Она заварила чай во вместительном розовом чайнике с ручкой в виде змеи, тоже розовой, накрыла большой матрешкой.

– Старики намного опаснее, они жертвуют всеми и всем миром. Они направляют прогресс, а платят за него молодые. Вот такие дела, самаритянин.

– Почему самаритянин?

– Вас время от времени переполняет… как говорили греки, сплавхнизомай… сострадание.

– Вы угадали, Прасковья Прокофьевна, я нашел работу утешителя.

– Я вам не завидую…

– Почему? – с пафосом удивился К. М. – Наводить мосты между людьми. Устанавливать контакты между человеком и миром заблудшим…

– Ну да! Ну да! – прервала она. – Раньше за утешением шли к священнику, в церковь. Разве существует институт утешительства? – П. П. энергично поднялась со стула, достала из буфета варенье, светлое, желтое, как свежий мед, поставила тарелку с сухариками, сняла с чайника матрешку и стала наливать чай в голубые чашки. Чай просвечивал сквозь тонкий фарфор и был как вино, старое-престарое, темное, густое. – Сахар положите сами. И сухарики, пожалуйста.

К. М. положил сахар, помешал ложкой, попробовал сухарь, он был крепкий, духовитый.

– А вы стихов не сочиняете? – без связи с предыдущим спросила П. П. – А то, знаете, сейчас многие пишут стихи.

– Стихи? – простовато вторил К. М. – Это когда нормальную речь переводят в ненормальную рифму и ритму? Упаси Господь!

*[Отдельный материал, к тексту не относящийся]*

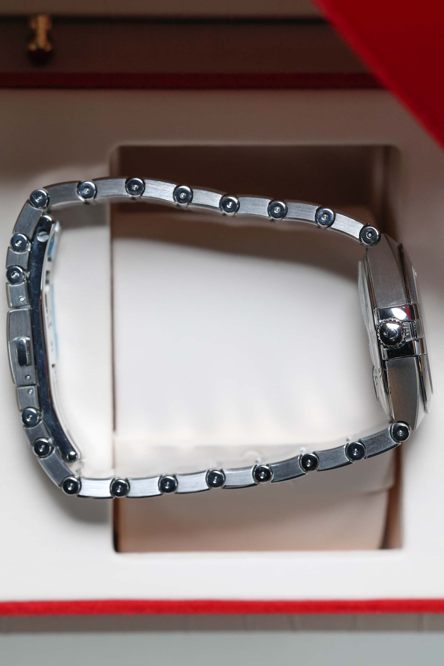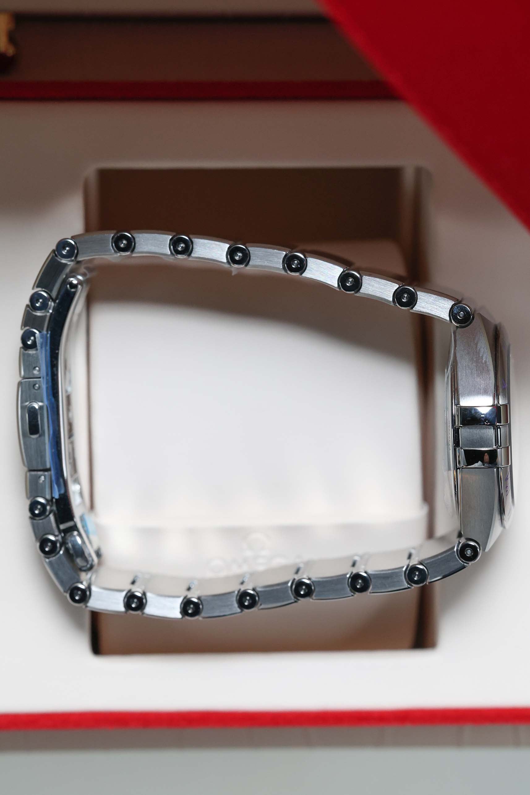 The 28mm stainless steel case is a masterclass in ergonomic design, featuring the famous polished claws at 3 and 9 o'clock that merge seamlessly into the bezel. These claws, originally designed to hold the sapphire crystal and gasket in place for water resistance, have become the definitive hallmark of the Constellation's identity. The watch is integrated with the signature Constellation bracelet, known for its horizontal "mono-rang" links and brushed finish, providing a jewelry-like drape on the wrist and exceptional daily comfort.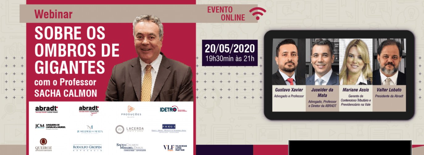 Sacha Calmon será o primeiro entrevistado da série e responderá perguntas do professor, sócio do SCMD e presidente da Abradt, Valter Lobato, a gerente de contencioso tributário e previdenciário da Vale, Mariane Assis, o advogado e professor Gustavo Xavier e o advogado, professor e diretor da Abradt, Jusselder da Mata.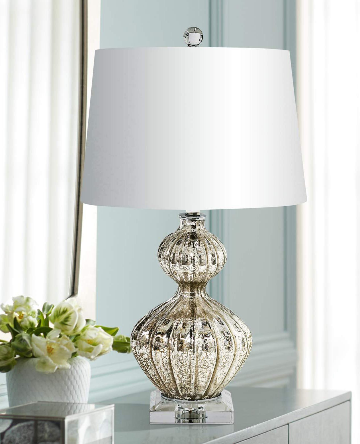 Настольная лампа “Майра” – это идеальное дополнение к вашему интерьеру, придавая ему утонченность и стиль. Ее изысканный рифленый силуэт, выполненный в зеркальном цвете, является не только функциональной осветительной частью, но и элементом декора, который привнесет особый вид в любое помещение. Основание лампы выполнено из стекла, что придает ей легкость и изящность. Абажур лампы “Майра” выполнен в белом цвете, что придает освещению мягкость и создает приятную атмосферу в комнате. Он отлично рассеивает свет, обеспечивая равномерную освещенность помещения и при этом не ослепляя глаза. Благодаря своему дизайну и цветовой гамме, эта лампа идеально подойдет для интерьера, где преобладают белые и нежные оттенки. Привлекательная комбинация ртутного оттенка основания и белого абажура создает впечатление прибрежной палитры. Лампа “Майра” не только осветит вашу комнату естественным светом, но и станет центром внимания благодаря своему утонченному дизайну.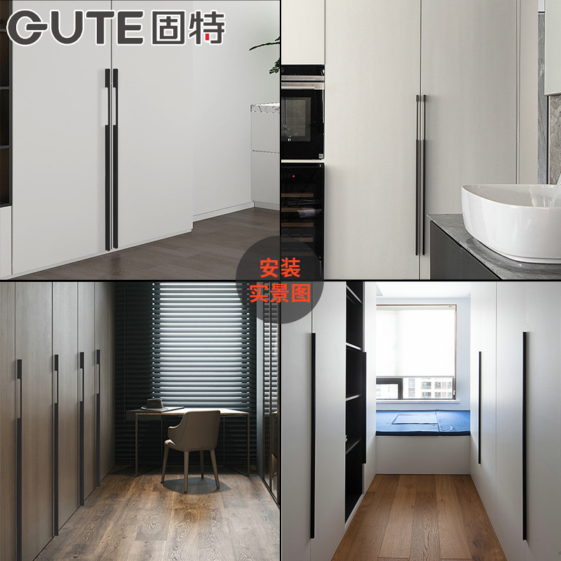 Solid lengthened handle clothes cabinet door overall cabinet modern minimalist solid black new drawer invisible American door handle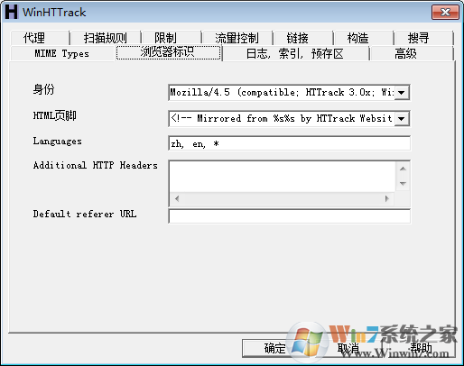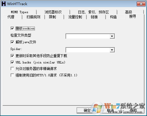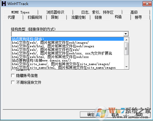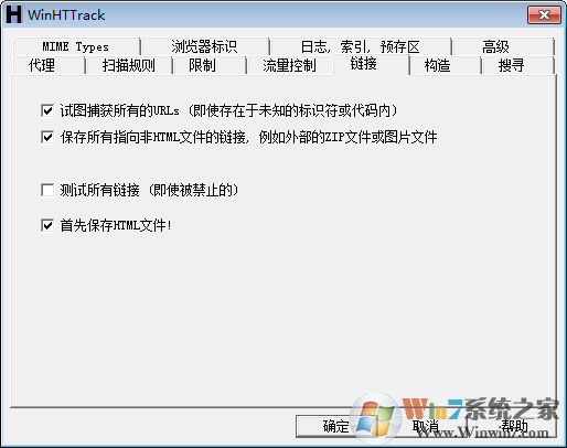 5、鏈接我選擇了試圖捕獲所有的URLs,保存所有指向非HTML文件的鏈接,例如外部的zip文件或圖片文件,首先保存HTML文件,取默認(rèn)也行,沒看出多少區(qū)別。

– Правильно, – одобрила П. П. – Стих и гвардия могут быть только белыми. Кстати, об абсурде…

– Не понял.

– Когда вы шли за мной по коридору, вы думали об абсурде. Люди, рассмеялась она, – думают об абсурде, глядя мне в спину. Непонятно, почему. Так вот. Есть теория абсурда. Есть концепция абсурда. Есть логика абсурда. И так далее. Вы знаете Канопуса?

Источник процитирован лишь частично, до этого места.